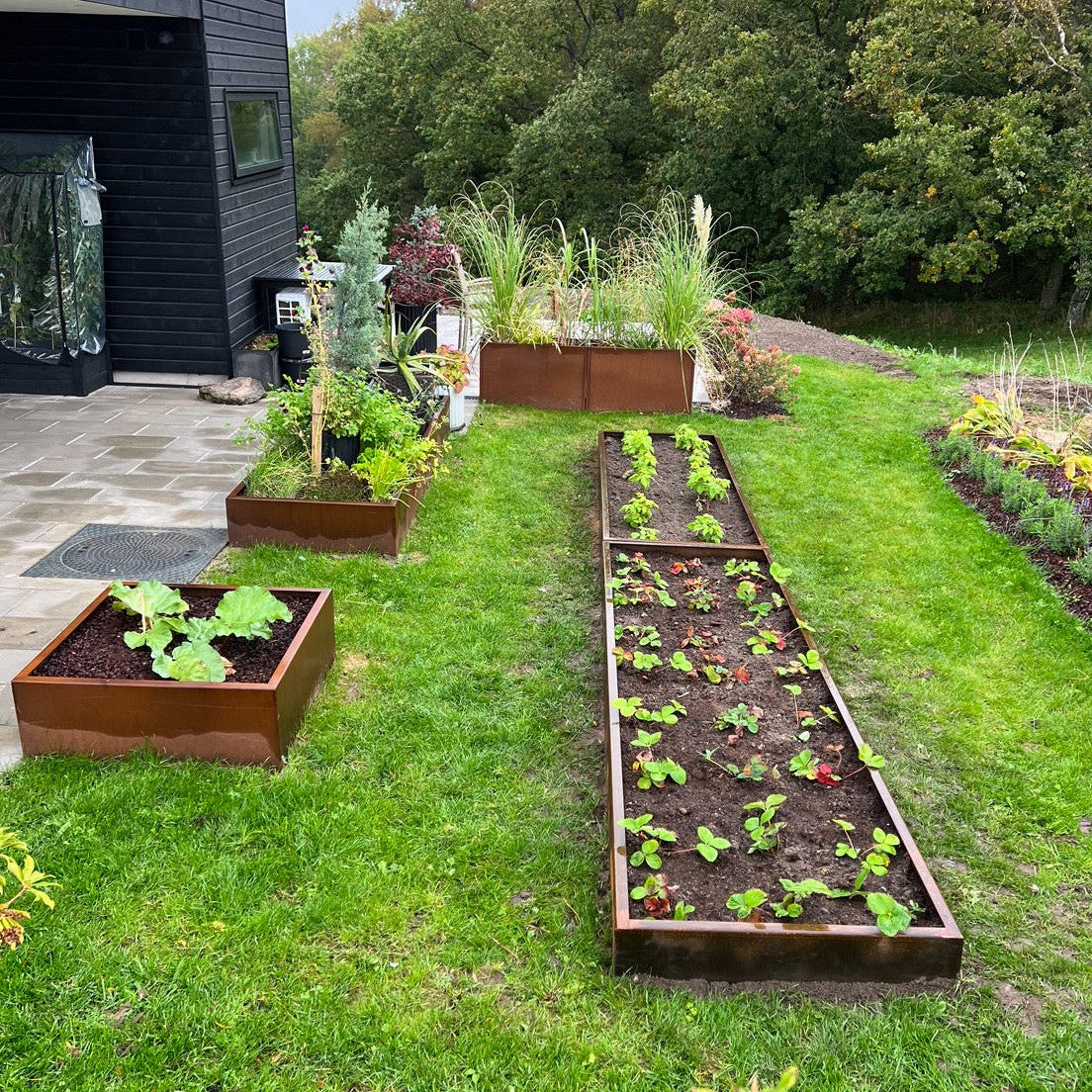 Een plantenbak van cortenstaal in een moestuinuitvoering met een lage hoogte van 30 cm. Verkrijgbaar in verschillende lengtes en breedtes. De standaardbreedte is 50 cm als de bak slechts vanaf één kant toegankelijk hoeft te zijn. Het model van 80 cm breed is een goede keuze als de plantenbak van beide kanten toegankelijk moet zijn.
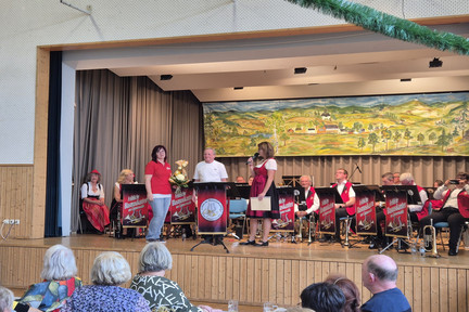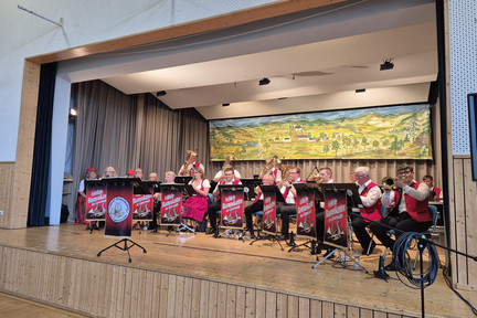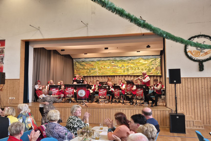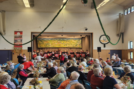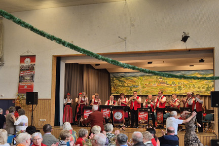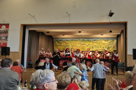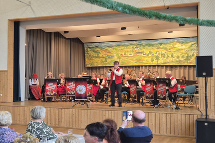 Bereits ab 12.30 Uhr füllte sich der Saal mit rund 150 Besucherinnen und Besuchern, die es sich bei Kaffee, Kuchen und kühlen Getränken gutgehen ließen. Um halb zwei hieß es dann: Bühne frei für uns! Mit Polka, Marsch und Walzer sorgten wir für den passenden Auftakt und spielten uns schnell in die Herzen des Publikums. Die Stimmung war von Beginn an herzlich, fröhlich und voller Begeisterung – so, wie man es sich als Musiker nur wünschen kann.
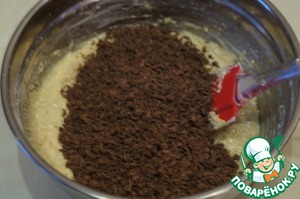Масло растопить, добавить сахар и взбить на низкой скорости. Вбить яйца, всыпать ванилин и все вместе еще раз взбить. Поочередно частями добавлять муку и сметану, после каждой порции взбивая тесто на низкой скорости. Когда все продукты будут вмешаны, всыпать шоколад и перемешать ложкой, чтобы он равномерно распределился по тесту.
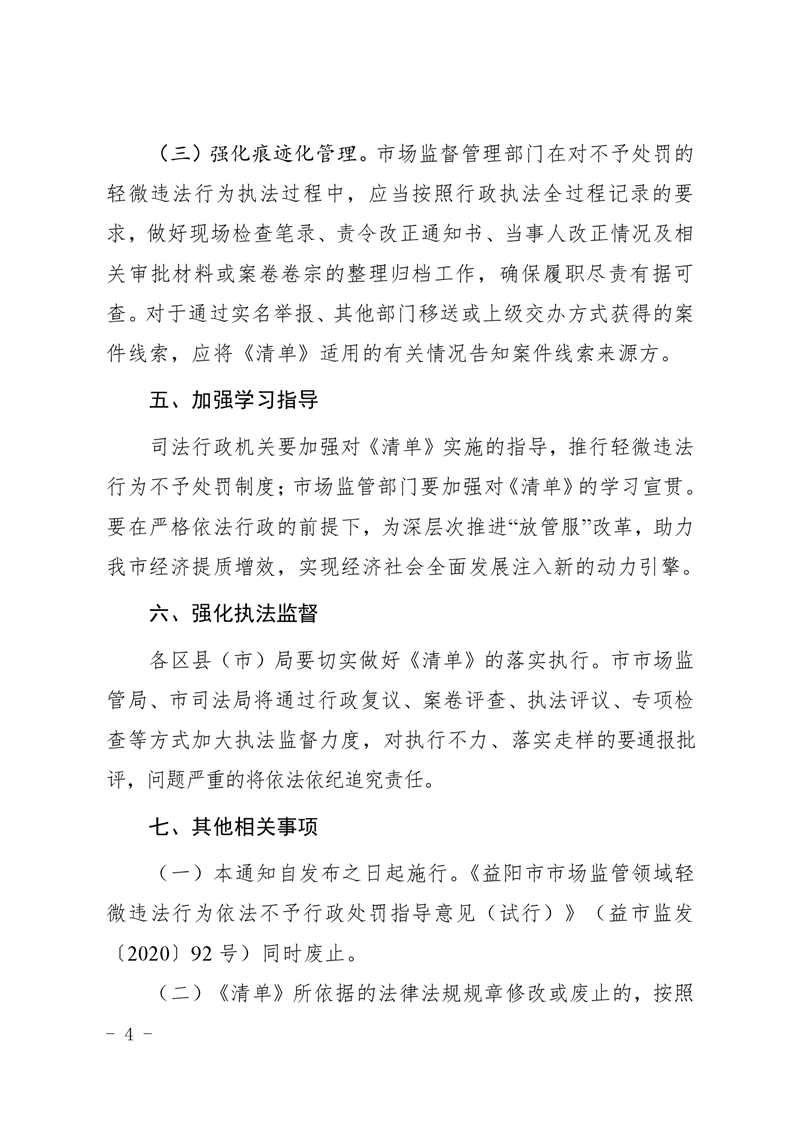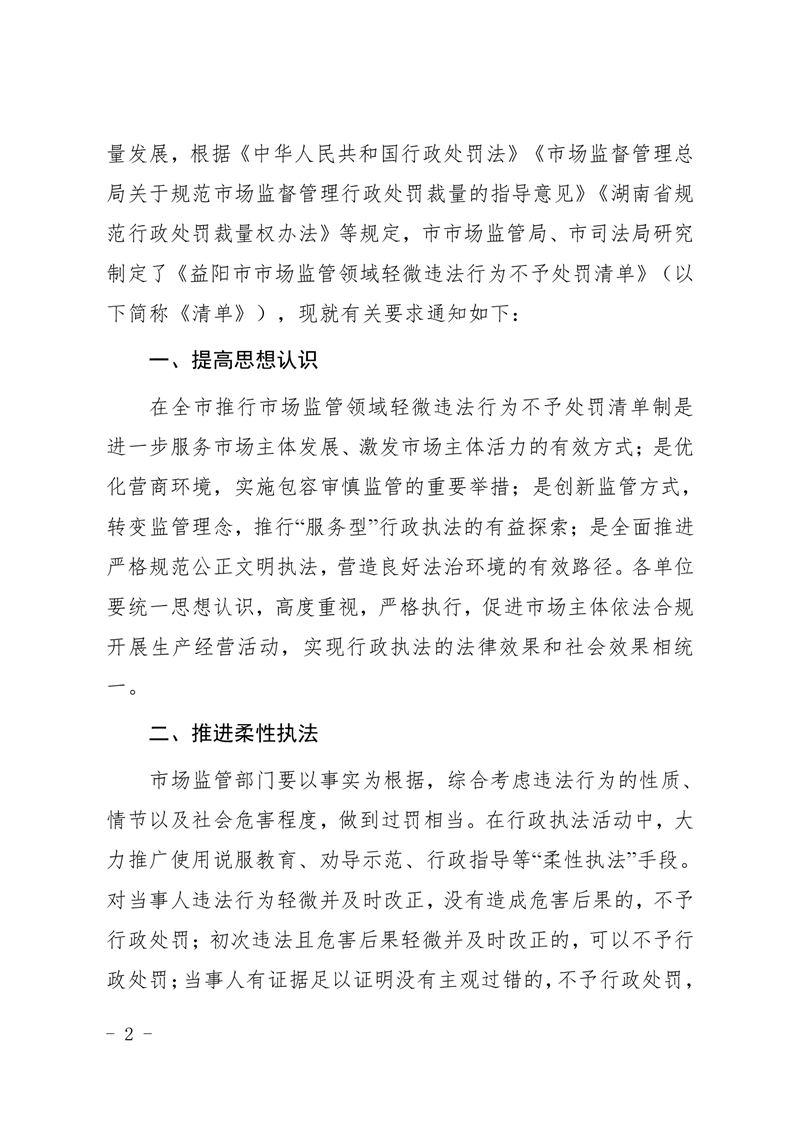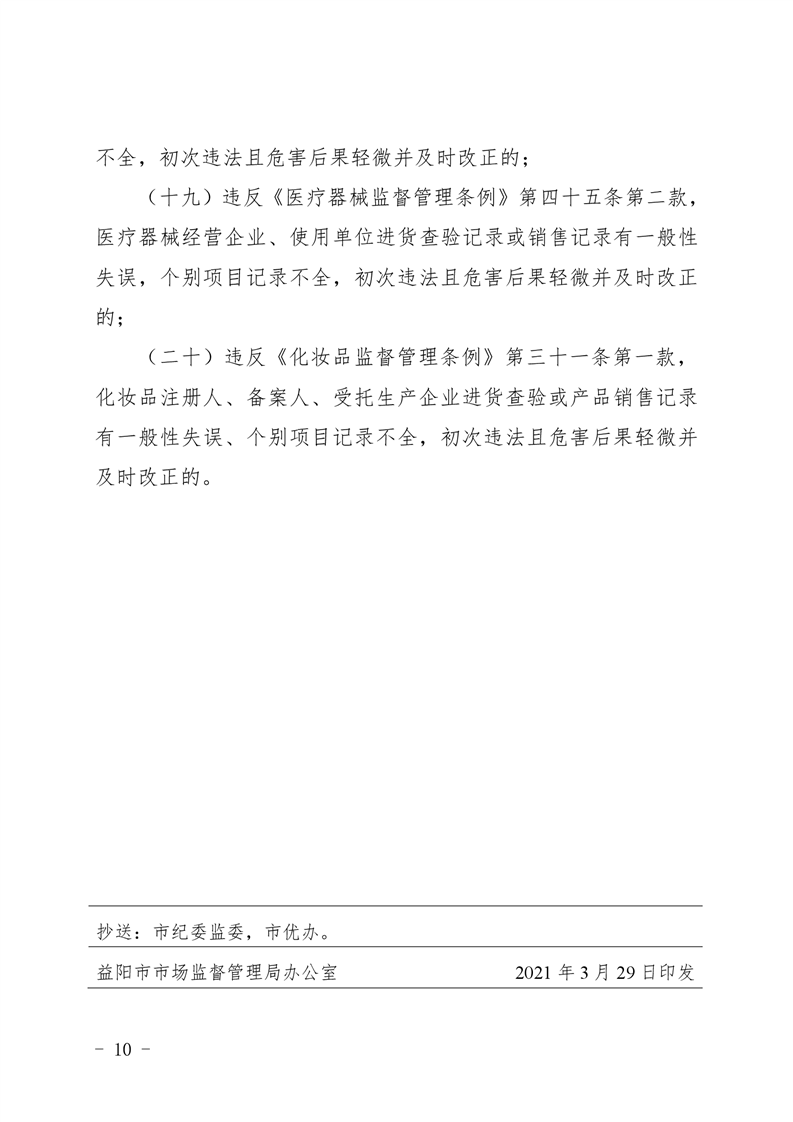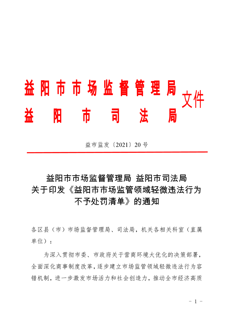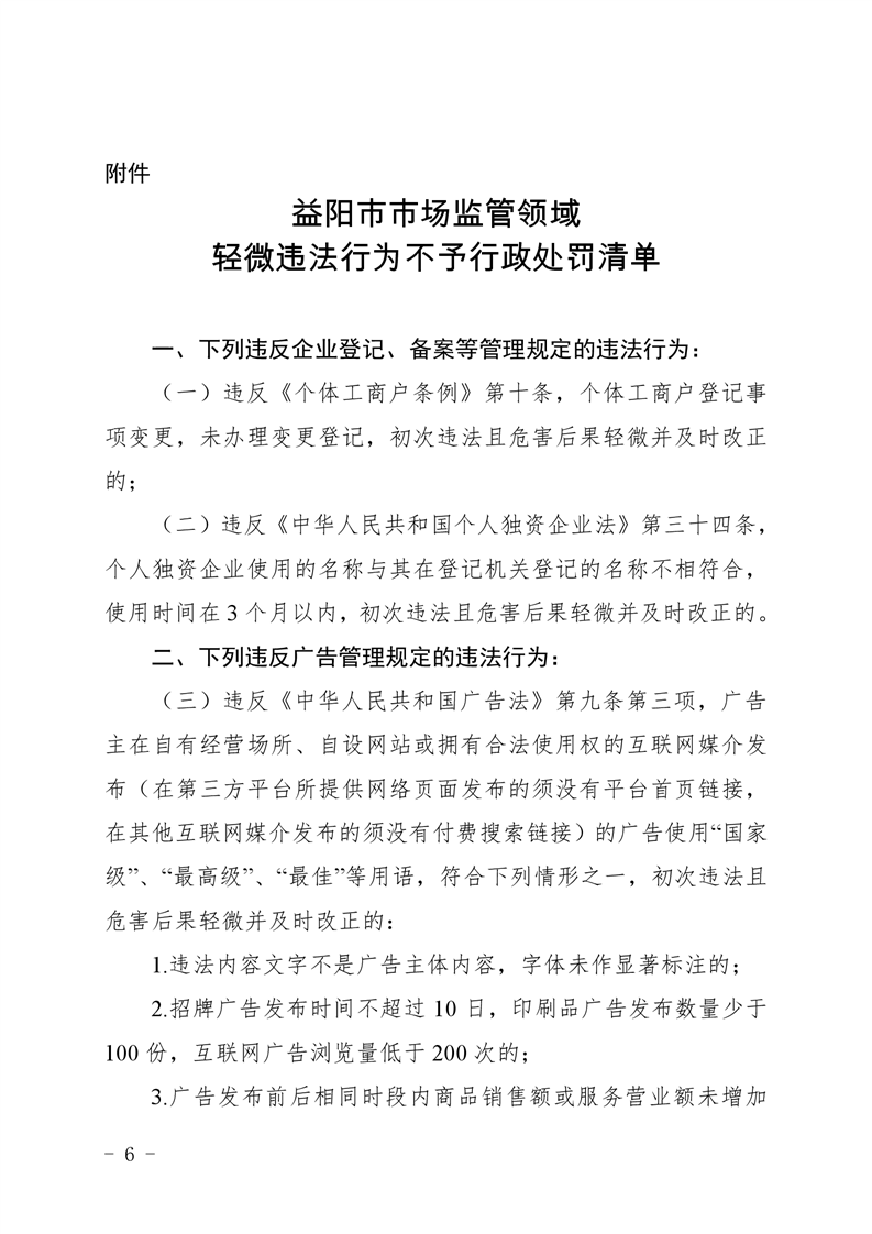 | 关于印发《益阳市市场监管领域轻微违法行为不予处罚清单》的通知 |
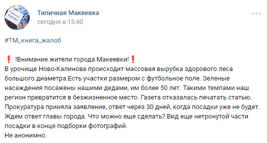 "В урочище Ново-Калинова происходит массовая вырубка здорового леса большого диаметра.Есть участки размером с футбольное поле. Зеленые насаждения посажены нашими дедами, им более 50 лет. Такими темпами наш регион превратится в безжизненное место. Газета отказалась печатать статью. Прокуратура приняла заявление, ответ через 30 дней, когда посадки уже не будет. Ждем ответ главы города. Что можно еще сделать?" - сказано в посте.
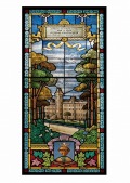 S-09【世界のステンドグラスシール】森の中の学園 タイプC W300mm×H600mm
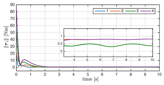 On the other hand, Figure 7 shows the components of the angular velocities for each agent, which converge exponentially to the desired angular velocity, meaning that the attitude synchronization objective is reached. Finally, the magnitude of the control input torque generated by the synchronization control law is shown in Figure 8.
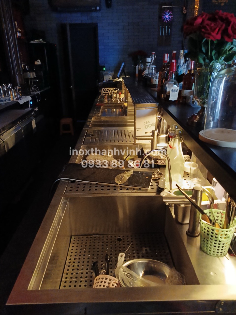 Sau quá trình đo đạc Thành Vinh đã thiết kế quầy bar inox độc đáo và tinh tế. Phản ánh được phong cách và cá tính của House of Merlin. Bất kể là kiểu dáng truyền thống hay hiện đại, chúng tôi sẽ đáp ứng mọi yêu cầu của khách hàng.
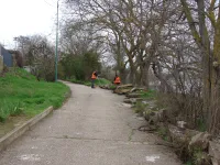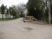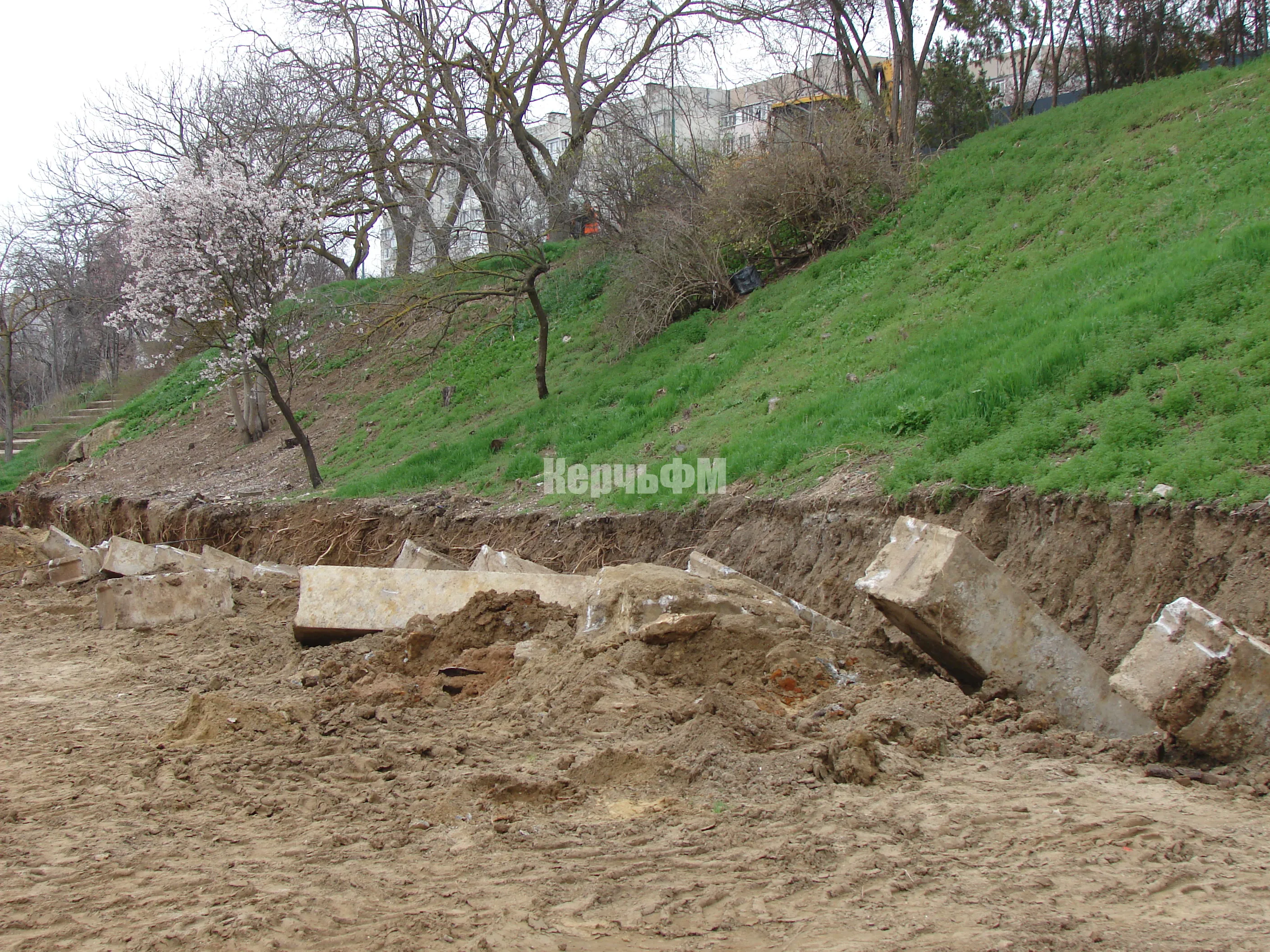 На втором ярусе общественной зоны сегодня ведется демонтаж бордюрного камня вдоль аллеи.

__EXERCISE DETAILS__. Reproduce the full listing verbatim so that only the pictures are missing.

__WRITTEN RESPONSE__.
 Een plantenbak van cortenstaal in een moestuinuitvoering met een lage hoogte van 30 cm. Verkrijgbaar in verschillende lengtes en breedtes. De standaardbreedte is 50 cm als de bak slechts vanaf één kant toegankelijk hoeft te zijn. Het model van 80 cm breed is een goede keuze als de plantenbak van beide kanten toegankelijk moet zijn.
 Bereits ab 12.30 Uhr füllte sich der Saal mit rund 150 Besucherinnen und Besuchern, die es sich bei Kaffee, Kuchen und kühlen Getränken gutgehen ließen. Um halb zwei hieß es dann: Bühne frei für uns! Mit Polka, Marsch und Walzer sorgten wir für den passenden Auftakt und spielten uns schnell in die Herzen des Publikums. Die Stimmung war von Beginn an herzlich, fröhlich und voller Begeisterung – so, wie man es sich als Musiker nur wünschen kann.
Масло растопить, добавить сахар и взбить на низкой скорости. Вбить яйца, всыпать ванилин и все вместе еще раз взбить. Поочередно частями добавлять муку и сметану, после каждой порции взбивая тесто на низкой скорости. Когда все продукты будут вмешаны, всыпать шоколад и перемешать ложкой, чтобы он равномерно распределился по тесту.
 | 关于印发《益阳市市场监管领域轻微违法行为不予处罚清单》的通知 |
 "В урочище Ново-Калинова происходит массовая вырубка здорового леса большого диаметра.Есть участки размером с футбольное поле. Зеленые насаждения посажены нашими дедами, им более 50 лет. Такими темпами наш регион превратится в безжизненное место. Газета отказалась печатать статью. Прокуратура приняла заявление, ответ через 30 дней, когда посадки уже не будет. Ждем ответ главы города. Что можно еще сделать?" - сказано в посте.
 S-09【世界のステンドグラスシール】森の中の学園 タイプC W300mm×H600mm
 On the other hand, Figure 7 shows the components of the angular velocities for each agent, which converge exponentially to the desired angular velocity, meaning that the attitude synchronization objective is reached. Finally, the magnitude of the control input torque generated by the synchronization control law is shown in Figure 8.
 Sau quá trình đo đạc Thành Vinh đã thiết kế quầy bar inox độc đáo và tinh tế. Phản ánh được phong cách và cá tính của House of Merlin. Bất kể là kiểu dáng truyền thống hay hiện đại, chúng tôi sẽ đáp ứng mọi yêu cầu của khách hàng.
 На втором ярусе общественной зоны сегодня ведется демонтаж бордюрного камня вдоль аллеи.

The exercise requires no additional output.